As more enterprises built large distributed systems, the need for observability grew tremendously. With observability, enterprises had fresh insights into performance issues and bottlenecks. This is part of the reason we’ve seen huge leaps forward in both the scale and performance of infrastructure, including the cloud platforms that most of us rely on. Without observability, we wouldn’t have a good understanding of how our systems are performing—and we’d have to write off many performance problems as part of the cost of doing business in the cloud.

I see regular hot takes that suggest “observability is a great shiny lie” or “real-time monitoring is a waste of time” or “observability is a fancy rebrand of monitoring.” For smaller applications, it may be possible to get by with in-house logging systems and great testing and QE practices, but in my experience, I honestly don’t think that’s the case with large distributed systems. Once you are dealing with terabyte and petabyte scale volumes, systems will interact in complex and sometimes unpredictable ways. Observability may not fix all the chaos, but without it, you’ll truly be in the dark.

So is observability important for modern ops and engineering teams? My answer is a strong yes.

But there’s another question worth asking. Is observability in its current form worth the expense and effort? You may be surprised to hear that too often, my answer is no.

So Is Observability Worth the Expense and Effort?

Unfortunately, many incumbent observability solutions cost too much and aren’t providing enough value. (Spoiler alert: Hydrolix is built to solve this problem and maximize the value of observability while keeping costs down.)

The high costs are mainly related to tightly coupled and expensive underlying architecture that’s often not performant at scale. This leads customers to sacrifice data with observability anti-practices such as shortening retention windows, sampling, and aggregating, all in order to reduce costs and hit performance targets. All this compromising is then sold back to users as “best practices.” For big data use cases, it is not uncommon for Splunk users to have only 30 days of data in hot storage, while ElasticSearch users may only have 7 days. These highly restrictive retention windows lead companies to move data into cold storage, which is hard to access in most operational contexts, and typically becomes dark data. People want as much of their data as possible, preferably served hot, and yet this simply isn’t affordable with many solutions.

The need for long-term, cost-effective hot data at scale led to the founding of Hydrolix and the creation of fast-growing observability and SIEM products powered by Hydrolix such as TrafficPeak. Hydrolix uses stateless architecture and object storage to radically reduce costs while solving key performance issues. That reduction in cost for data at scale is essential for observability to deliver value and remain relevant.

Cut Costs, Retain More Data, Make It Searchable

Cutting costs by 70-80% and extending hot data retention windows make observability much more useful. Cost-effective, long-term retention allows teams to keep data available longer, even if the value of the data isn’t yet clear. As one of our solutions engineers, Dan Sullivan, said recently:

With complicated systems, we don’t know all the ways systems can break until they do break. An important log message or fact in one scenario may be useless in another. Log messages useful to a security engineer may not be useful to a DevOps team focused on performance or may be useful at a different point in time. 

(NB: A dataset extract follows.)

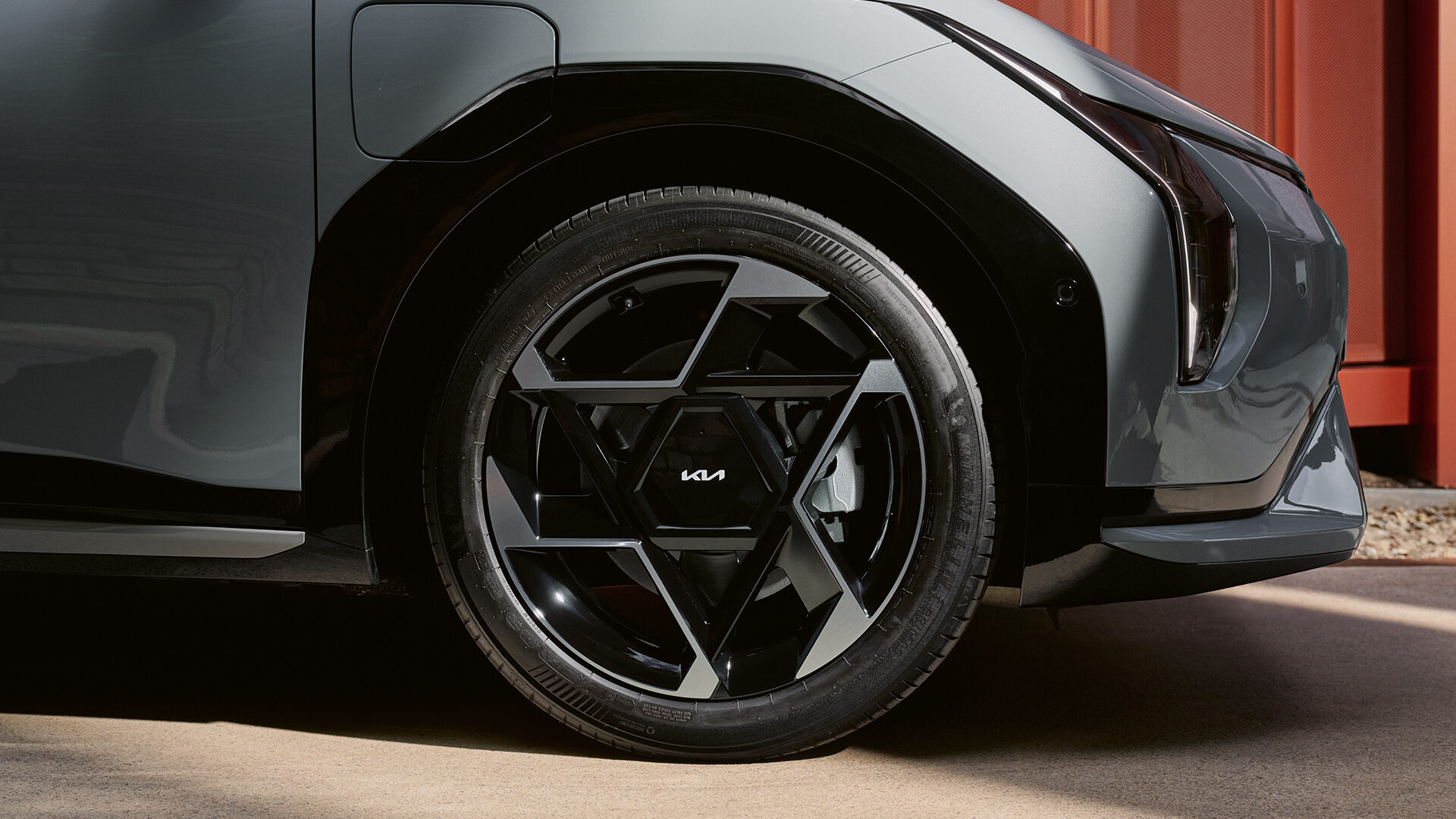 Markante Designelemente, wie die flügelartigen Front- und Heckstoßfänger sowie die einzigartigen 19“-Felgen mit dreieckigem Design, verleihen dem Kia EV4 GT-line eine besonders dynamische und futuristische Optik.
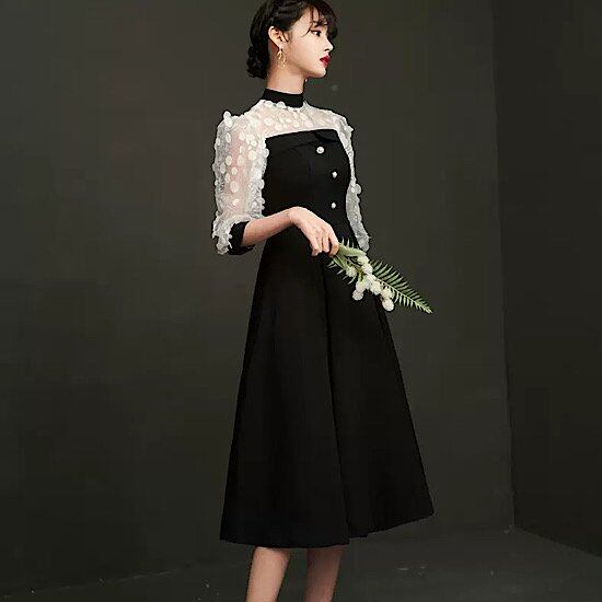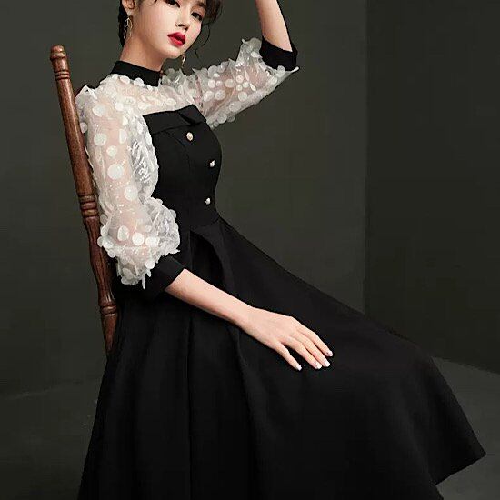 結婚式ドレス ハイネック モノトーン シースルー ドット柄 フロントボタン 発表会 演奏会 レディース フレアドレス 結婚式 ステージ衣装 膝丈 エレガント ウエディングドレス カラードレス

Capturing, analyzing, and retaining raw logs—facts about the system—are essential when a new problem arises. An operator doesn’t always know in advance the questions they need to ask. And raw logs—so long as they are available and haven’t been discarded because of cost or performance issues—have many stories to tell, even if it sometimes takes additional digging and analysis to uncover them.

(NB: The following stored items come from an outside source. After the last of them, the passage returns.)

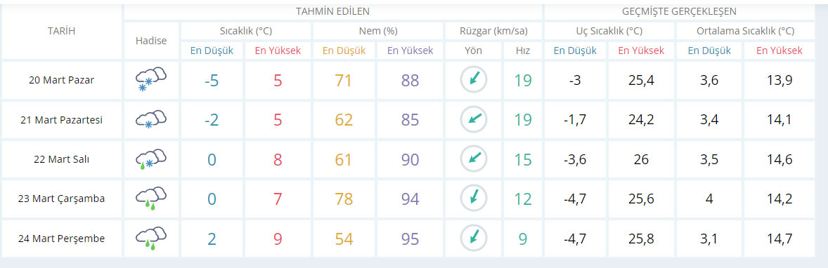 Ülkemiz genelinin parçalı ve çok bulutlu, Marmara’nın güney ve doğusu, Karadeniz, İç Anadolu’nun güney ve doğusu, Doğu Anadolu’nun kuzey ve doğusu ile Kırklareli, Tekirdağ, Kütahya ve Siirt çevrelerinin karla karışık yağmur ve kar yağışlı geçeceği tahmin ediliyor. Yağışların; sabah saatlerinde Kastamonu kıyıları, Sinop ve Samsun çevrelerinde, öğle saatlerinde ise Ordu çevrelerinde kuvvetli ve yer yer yoğun kar şeklinde olması bekleniyor.
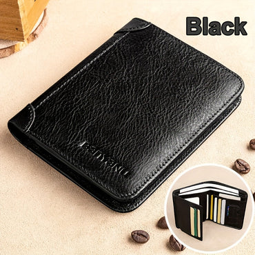 1pc Elegant Genuine Leather Men'S Wallet - RFID Blocking, Slim Multi-Card Holder, Durable First Layer Cowhide, Ideal Valentine'S Gift
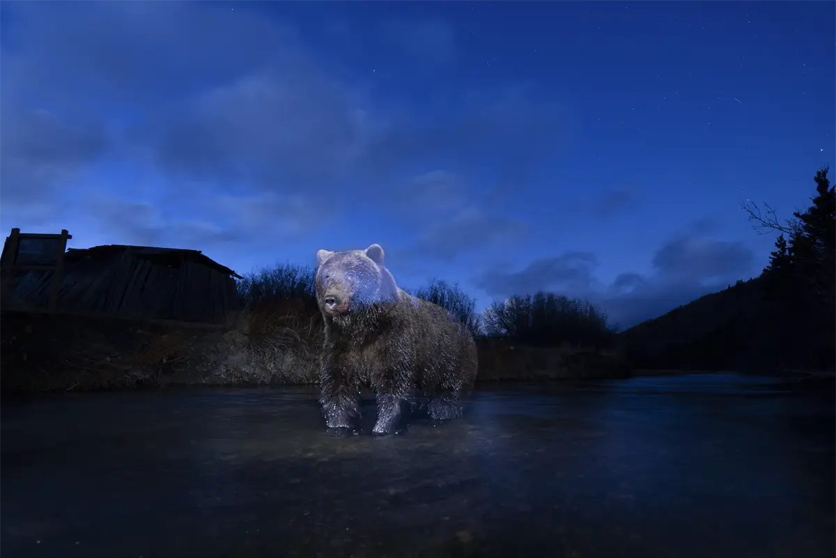 Northern ecosystems are much like deserts, picturesque and resilient, but in flux due to climate change and industrialization. Hallmarked by small wildlife populations, the animals that do inhabit these areas are rarely seen or heard, like ghosts. Through the use of camera traps and long exposures, we are shown rare images of bears, caribou, Arctic foxes, and wolves set against a stark, icy scenery. And even though these are fleeting glimpses snapped in a flash, we get the sense that these animals are more than just spectral tracks in the snow—they are wildlife teeming with personality and purpose.
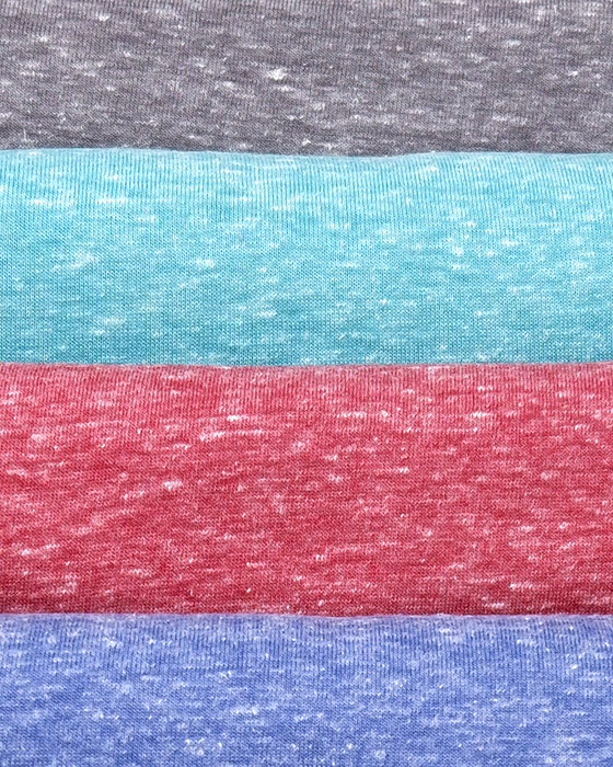 Flakes fabric is a knit material featuring small, scattered colored fibers or “flake-like” specks throughout the surface. These tiny color accents create a unique, playful texture without affecting the softness of the fabric. Lightweight and comfortable, flakes fabric is great for casual tees, everyday wear, and pieces that need a subtle, stylish visual detail.

The teams that use Hydrolix make important decisions impacting core business systems every day using raw data retained for months and even years. They are not “drowning in data.” They are using observability to make data-driven business decisions.

Most Enterprises Need to Keep Their Data

This notion of “drowning in data” is in too much marketing copy these days. The peoples we talk to have different technical problems. They want to keep their data at scale, but limitations in current systems force them to dispose of data or pay exorbitant fees and deal with poor query performance. Observability platforms impose tradeoffs on customers that impact not just observability but end-user reporting, billing, compliance-driven retention of raw logs, and machine learning. These tradeoffs even impact internal systems for the platforms themselves. I wrote for InsideBigData.com about Cisco’s acquisition of Splunk, which was made in part because of Splunk’s available data for training AI models. In order for Cisco to maximize the value of their models, they’ll need to keep a lot more data long-term or their models won’t be as accurate.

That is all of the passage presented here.